Sydney Greenstreet and Peter Lorre are not in it nearly enough, despite Casablanca's perfection. The Maltese Falcon's top players are reunited in this film. Their parts however are polar opposites. Greenstreet went from monied exerting power to envious business rival, Lorre went from an elegant, regal, inept, nerd to a slimy wanted man and Bogie went from the coolest to the hottest. There is simply no in-between for him.

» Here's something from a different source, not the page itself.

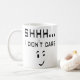 Uma caneca com uma citação engraçada "Shhh... Não me importo com sorriso e piscar os olhos emoji. Esta é a melhor caneca para você. Você pode usar esta caneca para beber café, chá, suco, leite etc e pode dar esta caneca para seus melhores amigos, colega de trabalho, chefe, parceiro etc
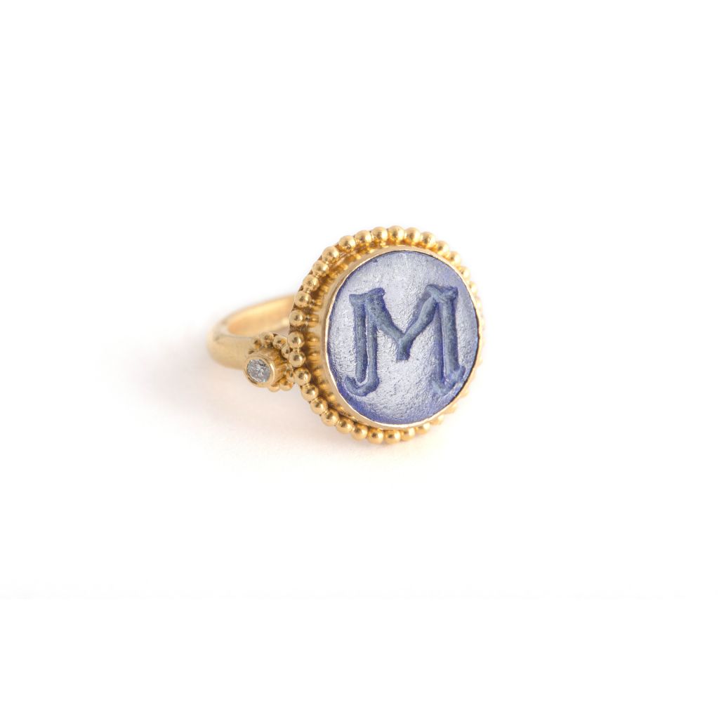 Anillo Griego Oro de 22kt con Lapislàzuli y Brillante.

The story is like no other. It's about desperation, courage, love, hate, war, human rights, thievery, sexual extortion, price gouging, spies, Frances Libre (or the Free French) underground resistance and so many other things. How can anyone say it's just a romance? This is a thriller and a noir, no doubt about it. Darkness lurks in the city of Casablanca and it's everyone for himself while you're there waiting... and waiting... and waiting...

Bogie owning the world.
The clear star in Casablanca is Humphrey Bogart. Even Ingrid Bergman sits off to the wayside here. Not only is does Bogie's performance demand his portrayal of so many emotions (which we'll get to in a moment) but let's face it: he's definitely the best dressed man in Morocco!

Look at him there on the left. Is he not resplendent, dressed in white, looking all ruggedly handsome? He is puts a new meaning in "slick" when it comes to dress and behavior. The shadow here frames him well and almost makes a statement that he has had his dark times, but he's really full of light.

His performance is magnificent. Any question of his versatility as an actor melts away in this film. Rick, his character, has an array of emotions. He is head over heels in love, he is angry, he is worried, he is sad, he is confidant, he is a tortured soul, he is unshakable, he is a business man, he is a boss, he is caring, he has morals. The list is really rather endless. Few actors could have pulled it off. It seems even more likely that only one could have done it and that seems to be true. Enter Bogie.

Most lists say that Humphrey Bogart is the best actor in history. This film is a perfect example as to why and after you really view it well, you can see that it is unquestionable.

He is known for even acting under intense personal issues but his professionalism did not falter. He remains an enigma even today. People of all ages recognize the name "Bogie" and they understand his impact on American culture.

My own son, an anime blogger with thousands of followers, came to me one day and said, "Show me Casablanca." I was stunned beyond belief. To begin with, he hated black and white movies growing up. Granted, he learned the art behind black and white film, but his interest in classic film was zero. He did not inherit the bug from me, as my daughter somewhat did.

I asked him why and he said that he's heard all the quotes all his life and now it was time to see what it was all about. Why it mattered so much. In that moment, when I ran to my (then) DVD collection of classics, I ran like Jerry Rice into the living room and fired up the DVD player.

In the end, he was amazed. This coming from someone who literally has zero interest in old films. He couldn't believe how many lines he recognized and he said that Humphrey Bogart was so much more than he ever imagined.

Do you think he ever guessed for even a second what an impression he'd make on future generations? I don't think anyone could have imagined that.

Bogie is simply timeless as is this film. I have no doubt that like Homer, in thousands of years, people will still be enjoying it's splendor. I really don't. Bogie, we love you. We always will.

Merry Christmas to all and to all a good night!